Susan Finkbeiner is an entomologist who trods through the rainforest and also struts the catwalks in designer fashion shows. 

Wait, what?

The glamorous photos of Finkbeiner belie her true profession as a highly regarded entomologist now teaching at Pepperdine University. The striking contrast of this fellow of the Smithsonian Institution and National Geographic explorer dressed in jungle togs and images of the statuesque beauty strutting the catwalk is hard to believe—but true. 

Finkbeiner is an Ivy League-educated evolutionary biologist, ecologist and entomologist. After completing her PhD four years ago, she spent months in the jungles of Central and South America researching tropical butterflies. 

“It was a lifelong dream of mine to study tropical insects,” she said in a recent conversation with The Malibu Times. “I’ve always spent a lot of time outdoors getting messy and dirty and studying anything I could find that had more than four legs—it always fascinated me.” 

Growing up, this highly accomplished scientist said she was teased about her interest in insects and was told, “Bugs are not a girlie thing and bugs are gross—I had that stigma with me as a kid.” 

But Finkbeiner continued studying her passion.
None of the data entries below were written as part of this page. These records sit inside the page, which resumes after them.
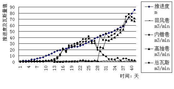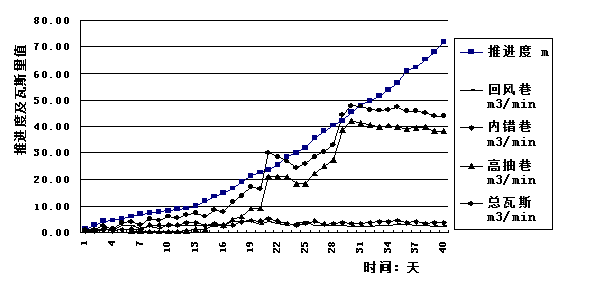 當(dāng)工作面推進(jìn)到40.25m后,總瓦斯量進(jìn)一步增加,平均值為55.20 m3/min,最大值78.01m3/min,但冒裂帶與高抽巷連通,內(nèi)錯(cuò)巷瓦斯由最大38.25 m3/min降為平均為6.27m3/min(最小2.48 m3/min),而高抽巷瓦斯排量由1.46 m3/min上升到47.72 m3/min(最高達(dá)73.66 m3/min),占總瓦斯量的86.45%(最高達(dá)94.66%)。標(biāo)志著初采期結(jié)束,工作面平均日推進(jìn)度由1.55m提高到3.46m。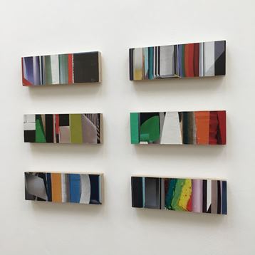 Laurence Noga, 6 works including So Orange Filtered Violet, 2016, acrylic collage on panel, 15 × 30 cm.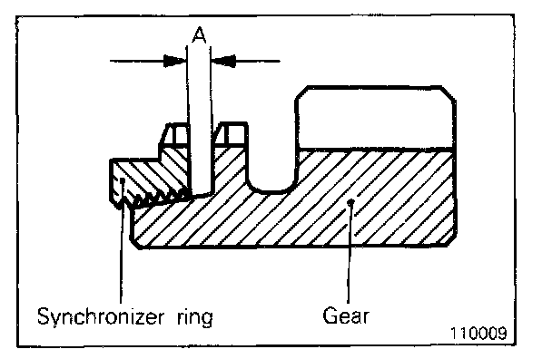 - Force the synchronizer ring toward the clutch gear and check clearance "A". Replace if it is out of specification.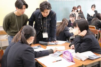 授業では、生徒がグループに分かれ、それぞれのグループに専門学生が入り、

“Over time, people would be surprised to hear that I’m an entomologist. They’d say, ‘You don’t look like an entomologist,’ which confused me because what should a scientist should look like?” she questioned.  The visiting professor said comics often portray entomologists as bumbling men “running around the jungle with butterfly nets tripping over themselves.”   

Once, after a couple of months in the Ecuadorian Amazon Rainforest living out of a backpack, wearing muddy boots and with no electricity or internet, a friend suggested she try modeling. 

“I thought it was a joke and then thought about it and decided it sounded fun,” she recalled. So, two years ago, the 5’8” stunner’s modeling career took off. She signed with an agency and soon booked work at London’s fashion week. Finkbeiner now struts the catwalk twice a year for spring/summer collections and fall/winter shows overseas. She just returned from her fifth fashion week in the UK. 

Susan Finkbeiner

Dr. Susan Finkbeiner on the runway at London Fashion Week

With no classes on Fridays, the 32-year-old described a whirlwind “Cinderella” weekend recently leaving a Pepperdine lab on a Thursday evening to catch a redeye to London. By Friday evening, she was in fittings. Then on Saturday, she walked for eight different designers in two shows.  She flew back on Sunday and by Monday at 9 a.m., was back in her classroom teaching. 

Finkbeiner’s chief interest remains science. She has researched for major institutions on genomics and genome sequencing with butterflies— “Again people are like, ‘What? You’re like this crazy geneticist-scientist and you’re also a model? That doesn’t make sense.’” 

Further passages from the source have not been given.